**DESCRIPTION OF THE TASK:**
Would you give the listing back word for word once its pictures are removed?

**MATERIAL SHOWN:**
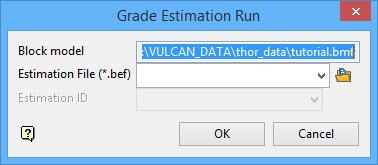 On the Block menu, point to Grade Estimation, and then click Run to display the Estimation Parameter File panel.
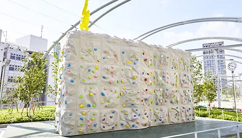 Der öffentliche Park auf dem Dach bietet einen Skateboardplatz, eine Boulderwand und ein Sandspielfeld, das den Besuchern die einzigartige Möglichkeit bietet, im Stadtzentrum Beachvolleyball zu spielen. Natürlich gibt es auch Grünflächen, auf denen Sie sich kurz entspannen und inmitten der Energie von Shibuya Ihre innere Mitte finden können.
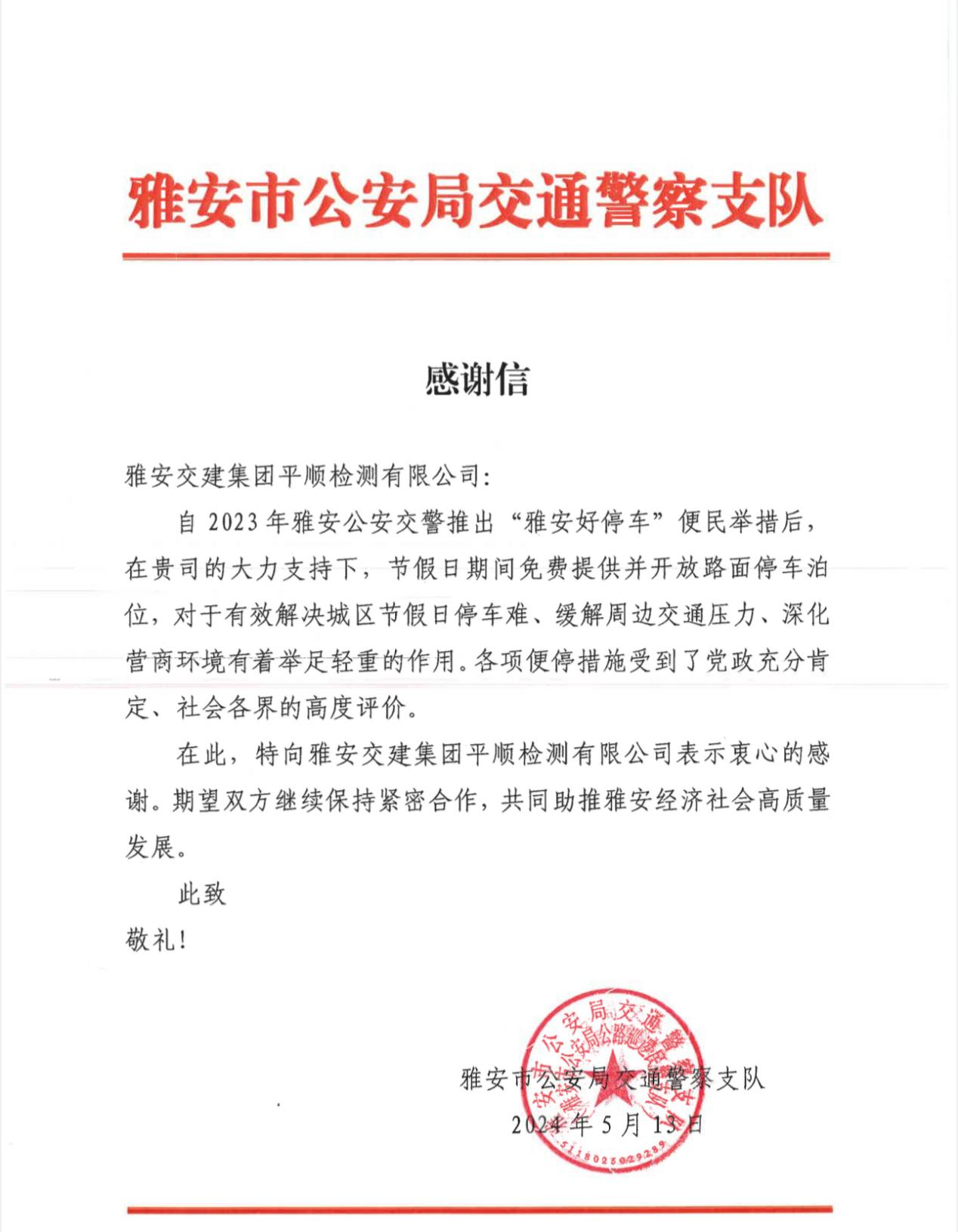 近日,雅安交建集團平順公司收到一封來自雅安市公安局交通警察支隊的感謝信,對平順公司積極響應雅安公安交警“雅安好停車”便民措施,在節(jié)假日期間免費提供并開放路面停車泊位表示感謝。
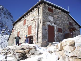 Giornata splendida e fredda. Innevamento continuo dal Valasco (5-10 cm). Al rifugio eravamo soli !
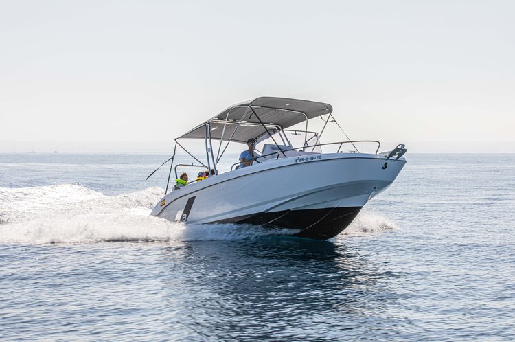 Discover the stunning coastline of Mallorca in unparalleled comfort and style with Boat Rental Palma. Our pristine 2023 Beneteau Flyer 8 Spacedeck center console, meticulously maintained and departing from the heart of Palma, offers a premium escape for up to eight guests.
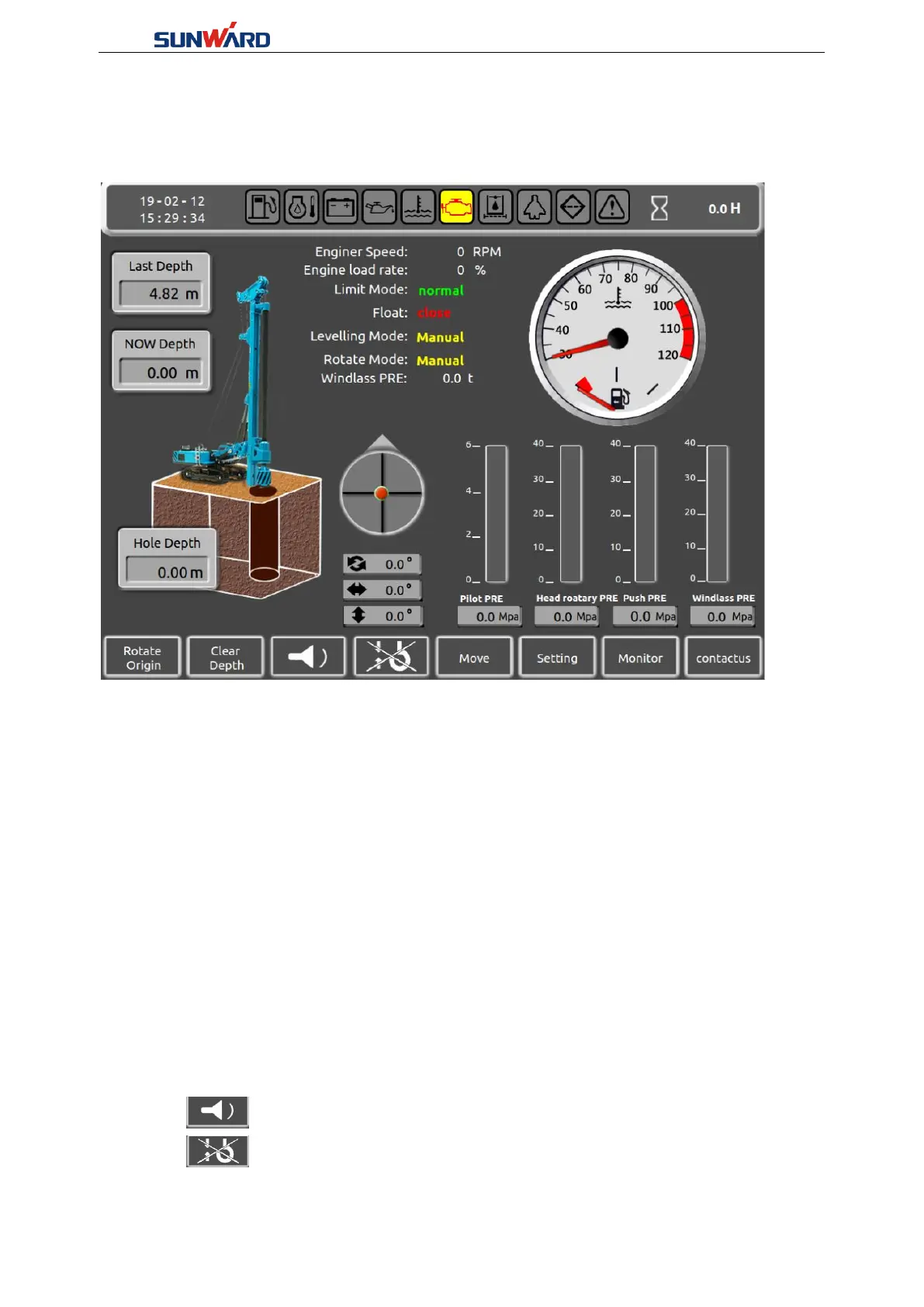 depth, drill tube depth, water temperature, engine speed, engine load rate, limit mode, the

**TASK ANSWER:**
 On the Block menu, point to Grade Estimation, and then click Run to display the Estimation Parameter File panel.
 Der öffentliche Park auf dem Dach bietet einen Skateboardplatz, eine Boulderwand und ein Sandspielfeld, das den Besuchern die einzigartige Möglichkeit bietet, im Stadtzentrum Beachvolleyball zu spielen. Natürlich gibt es auch Grünflächen, auf denen Sie sich kurz entspannen und inmitten der Energie von Shibuya Ihre innere Mitte finden können.
 近日,雅安交建集團平順公司收到一封來自雅安市公安局交通警察支隊的感謝信,對平順公司積極響應雅安公安交警“雅安好停車”便民措施,在節(jié)假日期間免費提供并開放路面停車泊位表示感謝。
 Giornata splendida e fredda. Innevamento continuo dal Valasco (5-10 cm). Al rifugio eravamo soli !
 Discover the stunning coastline of Mallorca in unparalleled comfort and style with Boat Rental Palma. Our pristine 2023 Beneteau Flyer 8 Spacedeck center console, meticulously maintained and departing from the heart of Palma, offers a premium escape for up to eight guests.
 depth, drill tube depth, water temperature, engine speed, engine load rate, limit mode, the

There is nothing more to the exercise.